== ACTIVITY ==
What you produce should be an exact transcription of the data, minus any pictures.
┌─ GIVEN RECORDS
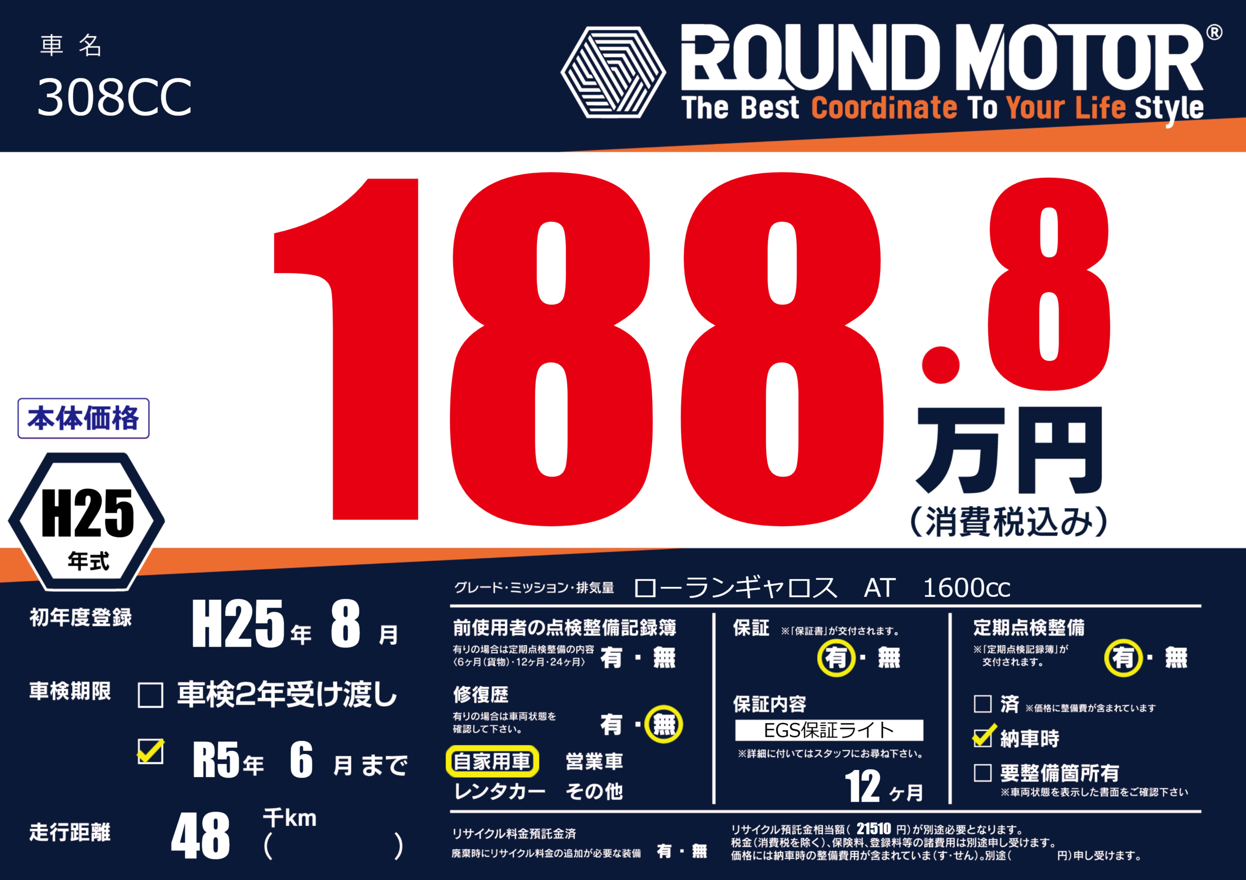 | 車名 | 308CC | グレード ミッション 排気量 |
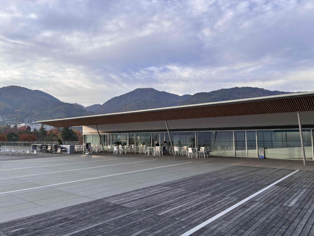 中を歩いていると、建物そのものが作品みたいだなと思う。どこを見ても窓が額縁みたいで、その先に善光寺や山並みが広がる。景色を見てるのか、作品を見てるのか、ちょっと混ざる瞬間があってそれがまた楽しい。
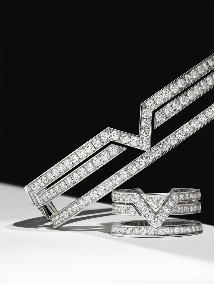 而 Pure V 頂級珠寶系列則展現截然不同的力量美感。設計師靈感源自 1920 至 1930 年代,Gaston-Louis Vuitton 將 V 字運用於行李箱裝飾的設計語言。大膽而純粹的 V 字線條,透過上下延伸的筆畫構築出建築感輪廓,彰顯極簡、現代且充滿張力的品牌精神。
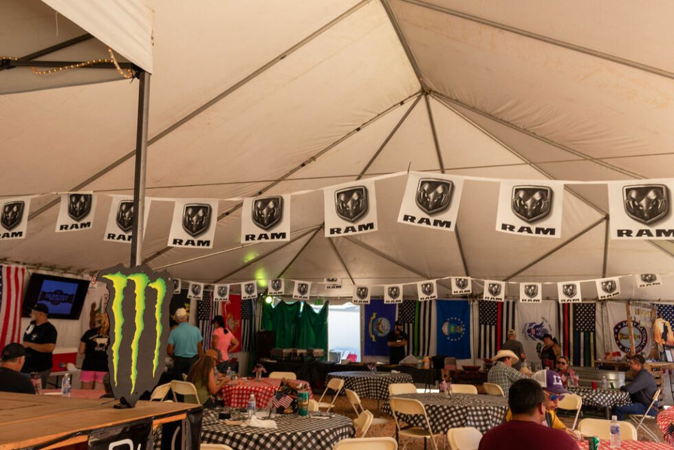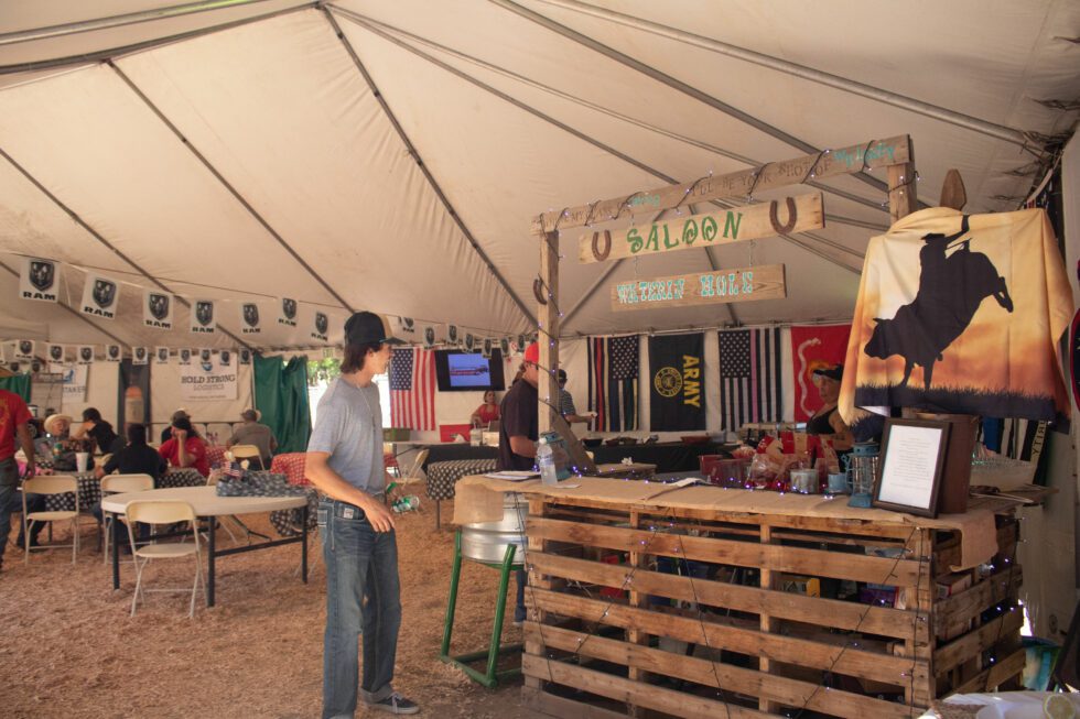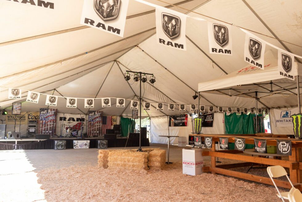 Cowboy hospitality provides an area for the stock contractors, judges, contestants and rodeo personnel to have a hot meal, snacks and beverages during their stay. Our hospitality tent is located on the west end of the grounds by contestant parking. The tent opens two hours before each rodeo performance and closes at bull riding to prepare for the After Party dance.  Each performance is shown via live feed in the tent. You must show a contestant hospitality band to enter the Hospitality Tent. You can get this from the Secretary’s office when you check in.
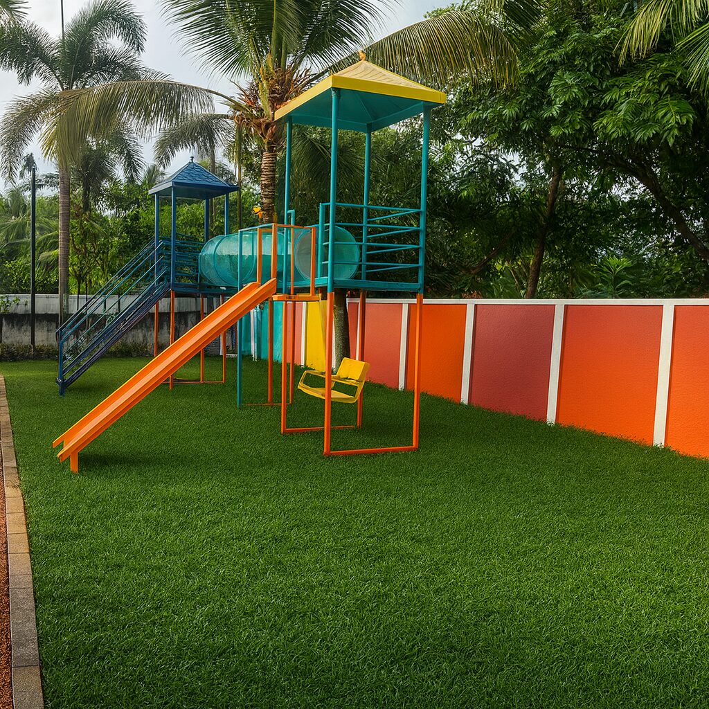 A cheerful and safe tropical play garden designed for Busy Bee Play School, Paravoor — blending bright architecture, soft greens, and playful textures to create a space full of joy and imagination.
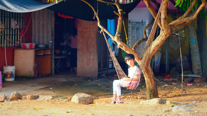坐在旧渔网制作的秋千上的小姑娘好奇地向我张望,我冲她挥挥手打个招呼,她显然还沉浸在“一头问号”中,没有缓过神儿来……
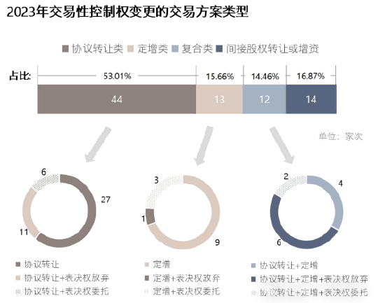 整体而言,2023年度A股上市公司交易性控制权交易市场呈现以下几大特点:
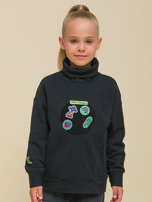 Водолазка детская для девочки. Лонгслив модного оверсайз-силуэта со спущенным плечом подарит ребёнку комфорт и свободу движений. Джемпер с воротником-стойкой. Его можно носить двумя способами: в два сложения — как у классической водолазки — и без отворота — актуально, стильно. По переду оригинальные рельефы, в которых прячутся карманы. По низу изделия пояс из основной ткани. На рукавах манжеты, также из основной ткани. На них есть отверстия для большого пальца — можно носить как митенки или как обычные манжеты. Модель неприхотлива в уходе. В составе ткани (футер с начёсом) преобладает качественный хлопок — джемпер мягкий и отлично пропускает воздух, давая коже ребёнка дышать. Эластан помогает изделию сохранить прекрасную форму надолго. Водолазка с оригинальным декором — «собери принт». Патчи на велькро (липучке) можно складывать в аппликации по своему желанию — такая необычная возможность творчества порадует ребёнка! В наборе несколько рисунков и надписей, надписи переводятся: «создай свой день!», «хватай пиццу!» Водолазка детская выполнена в классическом чёрном цвете, её легко сочетать с любыми брюками, джинсами, легинсами. Размерный ряд: 1 (86); 2 (92); 3 (98); 4 (104); 5 (110); 6 (116). Водолазка с принтом станет отличным дополнением гардероба для маленьких девочек дошкольного возраста. Её можно носить в детский сад, на прогулки, отдых, а также дома. Водолазка с длинным рукавом подходит для круглогодичного применения: летом, осенью, зимой, весной и демисезон. Отличный подарок дочери, внучке или сестре на Новый год и любой другой праздник.
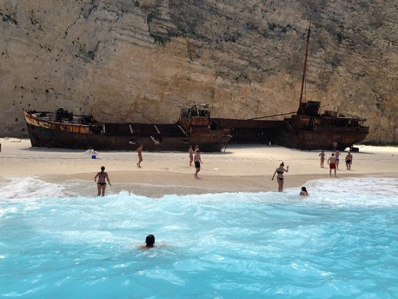 If you’ve seen any photos of Zakynthos, chances you’ll have seen the one of Shipwreck cove or Navagio, taken from the cliffs above. This crescent of sand hosts a half-buried, rusty wreck and high cliffs on either side. It is one of the most photographed beaches in Greece.
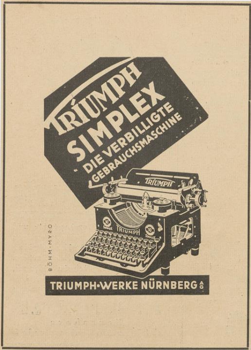 Werbeanzeige für Schreibmaschine Triumph monochrom
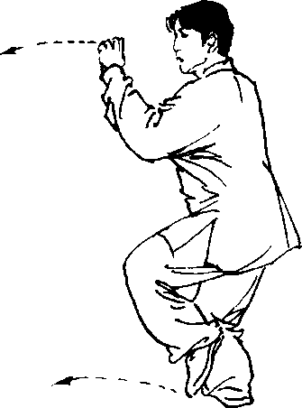④重心下降,右腿半蹲,左脚回收成丁字步;左掌屈臂回挂;
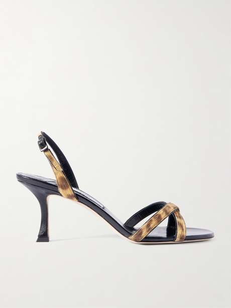 JIMMY CHOO صندل Elsy بحزام خلفي من وبر العجل بطبعة جلد الفهد بكعب 70 مم
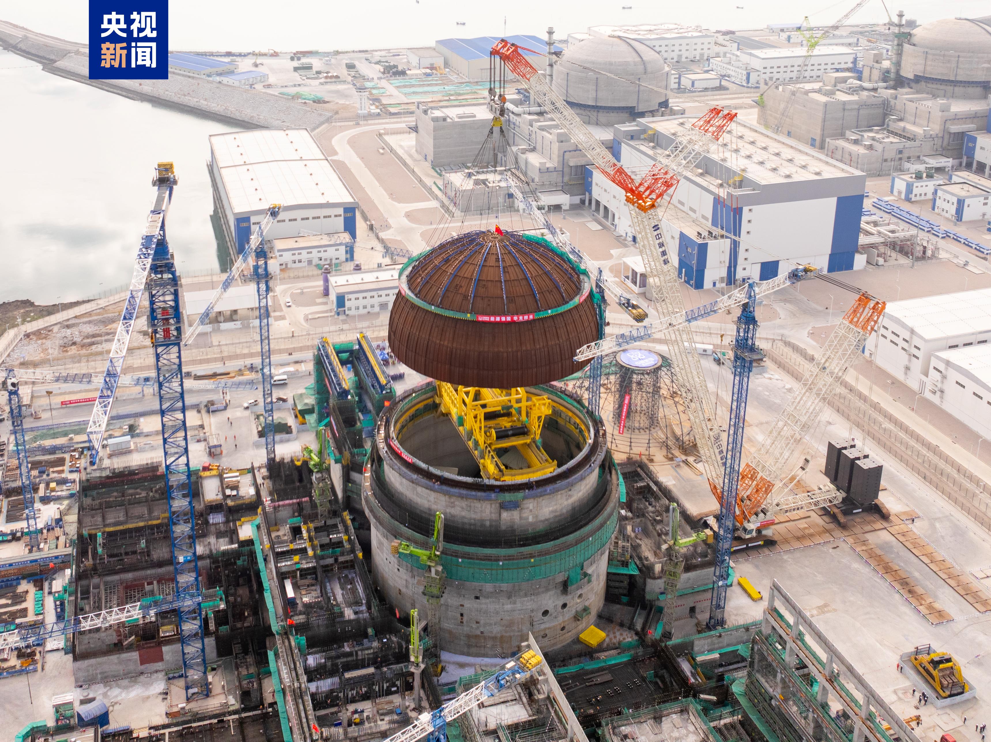 2月4日,采用我国自主三代核电技术“华龙一号”的中核漳州核电3号机组内穹顶吊装成功,标志着该机组从土建施工阶段全面转入设备安装阶段。
└─
== ANSWER TO THE PROBLEM ==
 | 車名 | 308CC | グレード ミッション 排気量 |
 中を歩いていると、建物そのものが作品みたいだなと思う。どこを見ても窓が額縁みたいで、その先に善光寺や山並みが広がる。景色を見てるのか、作品を見てるのか、ちょっと混ざる瞬間があってそれがまた楽しい。
 而 Pure V 頂級珠寶系列則展現截然不同的力量美感。設計師靈感源自 1920 至 1930 年代,Gaston-Louis Vuitton 將 V 字運用於行李箱裝飾的設計語言。大膽而純粹的 V 字線條,透過上下延伸的筆畫構築出建築感輪廓,彰顯極簡、現代且充滿張力的品牌精神。
 Cowboy hospitality provides an area for the stock contractors, judges, contestants and rodeo personnel to have a hot meal, snacks and beverages during their stay. Our hospitality tent is located on the west end of the grounds by contestant parking. The tent opens two hours before each rodeo performance and closes at bull riding to prepare for the After Party dance.  Each performance is shown via live feed in the tent. You must show a contestant hospitality band to enter the Hospitality Tent. You can get this from the Secretary’s office when you check in.
 A cheerful and safe tropical play garden designed for Busy Bee Play School, Paravoor — blending bright architecture, soft greens, and playful textures to create a space full of joy and imagination.
坐在旧渔网制作的秋千上的小姑娘好奇地向我张望,我冲她挥挥手打个招呼,她显然还沉浸在“一头问号”中,没有缓过神儿来……
 整体而言,2023年度A股上市公司交易性控制权交易市场呈现以下几大特点:
 Водолазка детская для девочки. Лонгслив модного оверсайз-силуэта со спущенным плечом подарит ребёнку комфорт и свободу движений. Джемпер с воротником-стойкой. Его можно носить двумя способами: в два сложения — как у классической водолазки — и без отворота — актуально, стильно. По переду оригинальные рельефы, в которых прячутся карманы. По низу изделия пояс из основной ткани. На рукавах манжеты, также из основной ткани. На них есть отверстия для большого пальца — можно носить как митенки или как обычные манжеты. Модель неприхотлива в уходе. В составе ткани (футер с начёсом) преобладает качественный хлопок — джемпер мягкий и отлично пропускает воздух, давая коже ребёнка дышать. Эластан помогает изделию сохранить прекрасную форму надолго. Водолазка с оригинальным декором — «собери принт». Патчи на велькро (липучке) можно складывать в аппликации по своему желанию — такая необычная возможность творчества порадует ребёнка! В наборе несколько рисунков и надписей, надписи переводятся: «создай свой день!», «хватай пиццу!» Водолазка детская выполнена в классическом чёрном цвете, её легко сочетать с любыми брюками, джинсами, легинсами. Размерный ряд: 1 (86); 2 (92); 3 (98); 4 (104); 5 (110); 6 (116). Водолазка с принтом станет отличным дополнением гардероба для маленьких девочек дошкольного возраста. Её можно носить в детский сад, на прогулки, отдых, а также дома. Водолазка с длинным рукавом подходит для круглогодичного применения: летом, осенью, зимой, весной и демисезон. Отличный подарок дочери, внучке или сестре на Новый год и любой другой праздник.
 If you’ve seen any photos of Zakynthos, chances you’ll have seen the one of Shipwreck cove or Navagio, taken from the cliffs above. This crescent of sand hosts a half-buried, rusty wreck and high cliffs on either side. It is one of the most photographed beaches in Greece.
 Werbeanzeige für Schreibmaschine Triumph monochrom
④重心下降,右腿半蹲,左脚回收成丁字步;左掌屈臂回挂;
 JIMMY CHOO صندل Elsy بحزام خلفي من وبر العجل بطبعة جلد الفهد بكعب 70 مم
 2月4日,采用我国自主三代核电技术“华龙一号”的中核漳州核电3号机组内穹顶吊装成功,标志着该机组从土建施工阶段全面转入设备安装阶段。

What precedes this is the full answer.